4. L’homo ludens : l’homme défini par le jeu, par l’importance accordée à la dimension ludique de la vie qu’exalte la jeunesse ;

5. L’homo negans mesuré : l’homme qui sait exprimer son refus, le cas d’une jeunesse qui conteste raisonnablement ;

6. L’homo oeconomicus : l’homme maximisant la satisfaction de ses besoins, une jeunesse fascinée par l’americanway of life;

7. L’homo technologicus: figure moderne de l’homo faber, il incarne le génie créateur des objets techniques sophistiqués qui fascinent et façonnent la jeunesse ;

8. L’homoloquax : l’homme défini comme essence langagière, comme être-au-monde par le langage qui garantit l’ouverture à autrui comme la communication qui offre aux jeunes l’occasion de tisser des liens entre eux;

9. L’homo capax: l’homme capable de..., celui dont les capacités se déploient en direction de ce qui rend humain, le sens de responsabilité par exemple avec une jeunesse dite responsable ;

10. L’homo ethicus: figure emblématique du monde des valeurs, il doit garantir la ’’ permanence d’une vie authentiquement humaine sur terre’’ (Hans Jonas) pour toutes les générations. C’est le cas d’une jeunesse qui promeut sans compromission les valeurs humanistes.

La mesure axiologique du développement que dévoilent ces modes d’être de la jeunesse se présente comme suit :

1. La jeunesse de types homo bellicus et homo negans radicalisé correspond à un développement an-éthique ;

2. Le développement éthiquement irrecevable est la terre natale de l’homo dolorosus ;

3. Le développement éthiquement étriqué est le terreau de l’homo oeconomicus et de l’homo technologicus ;

4. Le développement éthiquement faible est le lieu de prédilection de l’homo ludens ;

5. Le développement éthiquement modique est le reflet du mode d’être de l’homo loquax ;

6. Le développement éthiquement substantiel (développement durable) est révélateur du mode d’être de l’homo negans mesuré et de l’homo ethicus en puissance et partiellement en acte ;

7. Le développement éthiquement admirable est celui par et dans lequel l’homme réalise toutes ses virtualités socialement et ontologiquement valorisées. Il révèle la figure de l’homo ethicus accompli, l’homme porteur des valeurs qui fondent et fécondent l’humanité (dignité, respect de l’environnement, solidarité et justice).

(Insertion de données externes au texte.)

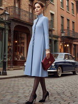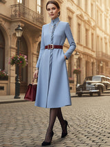A-Line Bodycon Asymmetric Pleated Pockets Solid Color Split-Joint Stand Collar Midi Dresses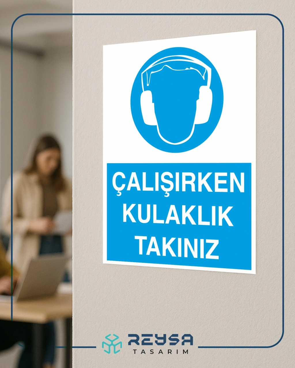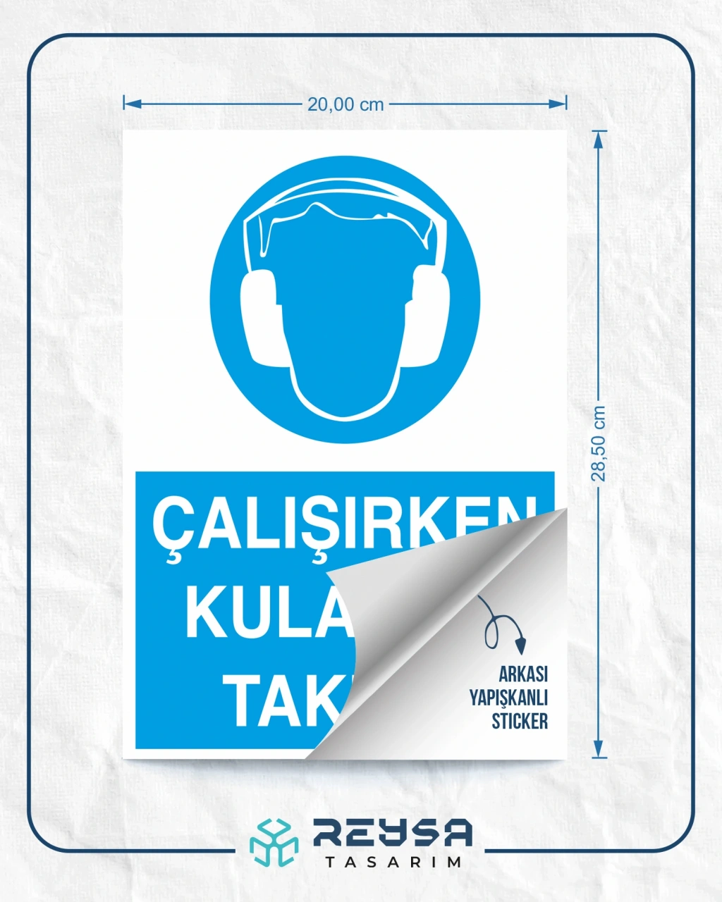 Çalışırken Kulaklık Takınız Sticker 20X28 Cm

La jeunesse, quand elle existe sous le mode de l’homo ethicus, est la plus grande richesse dont nous pouvons nous targuer dans un Etat rationnel. Dans un tel Etat, il est évident que par-delà le simple souci, c’est une place de choix qu’il faut accorder à la jeunesse dans presque tous les domaines, notamment, dans le développement des pôles de compétence, la conception et le déploiement du service civique, la promotion de l’autonomie et du genre, dans la gouvernance locale et mondiale.

Ce monde, qui se manifeste comme technocosme naissant, est l’espace d’élection et de prédilection pour une jeunesse pensante, une jeunesse industrieuse au sens saint-simonien. Il est le lieu d’éclosion par excellence de sa créativité multiforme. Il suffit qu’elle arrive à s’en convaincre pour voir les adultes et décideurs faire valoir et même prévaloir sa condition (à ne pas confondre avec ses conditions) dans l’élaboration et la mise en œuvre des politiques de développement.